Politicians, generals are lying to Americans
The long-heralded report by Gen. David Petraeus didn't surprise me in its content. Asking a military leader to report on the war in Iraq is like asking a used car salesman if there's anything wrong with the car. There's a certain self-interest involved.
It's curious that the general says the report is his alone, yet his office has been a party in daily conference calls with the White House political team to coordinate message strategy — more specifically to "sell the surge." And the results of their discussions were to mislead the American public with a series of doctored statistics. For example, when reporting on violence in the country, they devised new definitions which exclude deaths by car bombs, and assassinations (unless the victim was shot in the back of the head, and not the front).

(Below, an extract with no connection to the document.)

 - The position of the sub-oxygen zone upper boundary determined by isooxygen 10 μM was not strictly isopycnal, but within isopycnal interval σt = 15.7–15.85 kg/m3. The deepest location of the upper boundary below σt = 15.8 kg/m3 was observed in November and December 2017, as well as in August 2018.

While the general claimed we are making major progress, an independent GAO report ordered by Congress found that the "average number of daily attacks against civilians have remained unchanged from February to July 2007." And in August they actually worsened, with civilian casualties rising, according to the Associated Press and the Los Angeles Times.
The reality is that this summer is the bloodiest yet for our troops. More died every month this year compared to the same month last year.
A massive ABC/BBC poll found that without exception, every civilian polled in Baghdad, the primary target of the "surge", believes that it has made security worse.
How much longer will Americans tolerate being lied to? How many more Americans and Iraqis will have to die in this ill-conceived and hopeless cause?